§ **What needs to be done**
The answer must be the lines from the one that holds "Un elegante marco" through the final line of the data, copied exactly, with no pictures.

§ **Provided data**
****

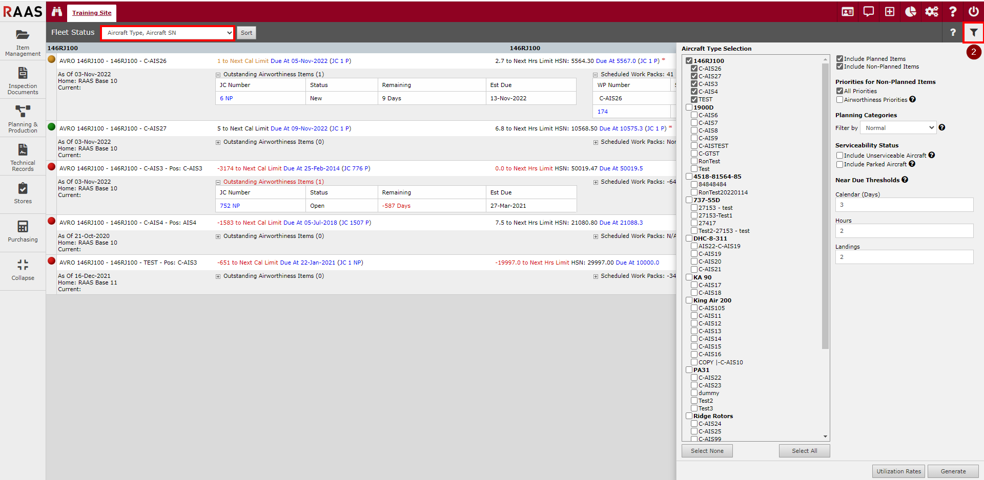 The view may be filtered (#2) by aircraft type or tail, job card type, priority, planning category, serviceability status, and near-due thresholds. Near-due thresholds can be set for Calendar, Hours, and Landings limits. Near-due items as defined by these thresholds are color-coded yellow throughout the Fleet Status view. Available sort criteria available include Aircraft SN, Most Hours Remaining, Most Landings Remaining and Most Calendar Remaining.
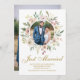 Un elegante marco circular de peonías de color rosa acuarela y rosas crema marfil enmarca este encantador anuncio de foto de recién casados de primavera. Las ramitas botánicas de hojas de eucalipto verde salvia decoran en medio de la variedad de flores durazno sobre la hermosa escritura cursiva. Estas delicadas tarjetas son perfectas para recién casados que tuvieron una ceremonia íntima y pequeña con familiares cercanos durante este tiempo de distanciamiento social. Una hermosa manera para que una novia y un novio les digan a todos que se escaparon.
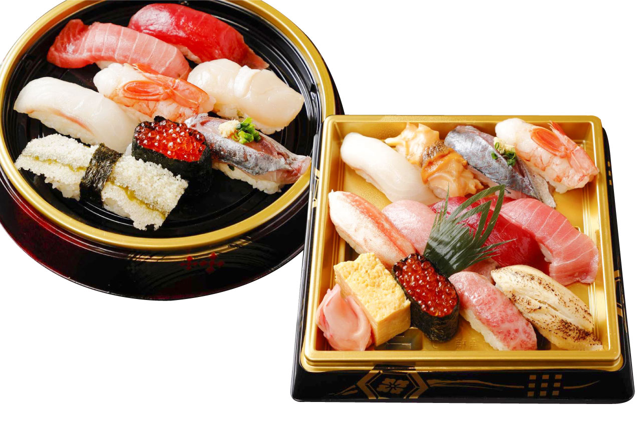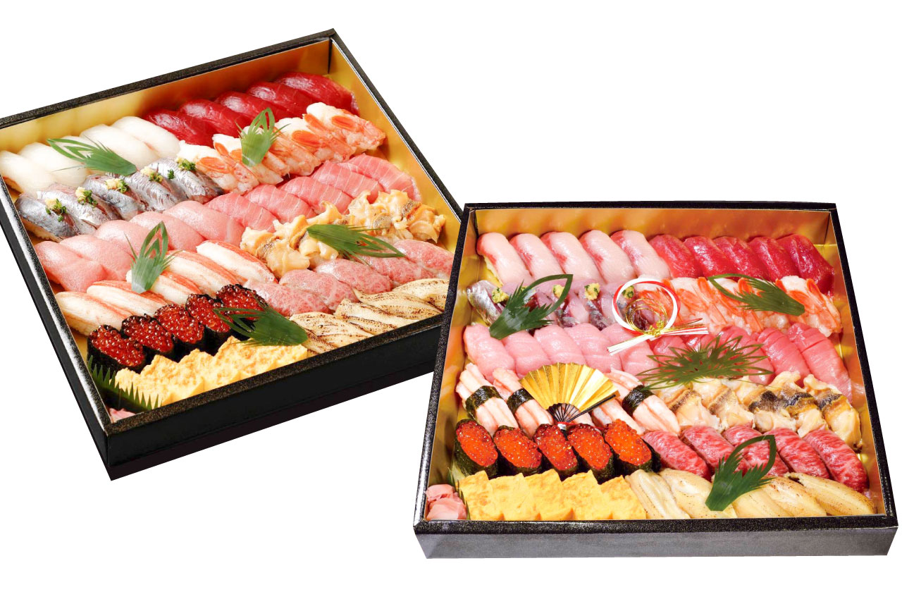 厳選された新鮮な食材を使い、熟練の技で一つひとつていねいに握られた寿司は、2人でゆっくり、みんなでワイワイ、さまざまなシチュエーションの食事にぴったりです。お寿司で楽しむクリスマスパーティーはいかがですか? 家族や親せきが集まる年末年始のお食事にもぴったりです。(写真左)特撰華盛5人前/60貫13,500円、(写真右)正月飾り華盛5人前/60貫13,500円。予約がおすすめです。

****

§ **Written solution**
 Un elegante marco circular de peonías de color rosa acuarela y rosas crema marfil enmarca este encantador anuncio de foto de recién casados de primavera. Las ramitas botánicas de hojas de eucalipto verde salvia decoran en medio de la variedad de flores durazno sobre la hermosa escritura cursiva. Estas delicadas tarjetas son perfectas para recién casados que tuvieron una ceremonia íntima y pequeña con familiares cercanos durante este tiempo de distanciamiento social. Una hermosa manera para que una novia y un novio les digan a todos que se escaparon.
 厳選された新鮮な食材を使い、熟練の技で一つひとつていねいに握られた寿司は、2人でゆっくり、みんなでワイワイ、さまざまなシチュエーションの食事にぴったりです。お寿司で楽しむクリスマスパーティーはいかがですか? 家族や親せきが集まる年末年始のお食事にもぴったりです。(写真左)特撰華盛5人前/60貫13,500円、(写真右)正月飾り華盛5人前/60貫13,500円。予約がおすすめです。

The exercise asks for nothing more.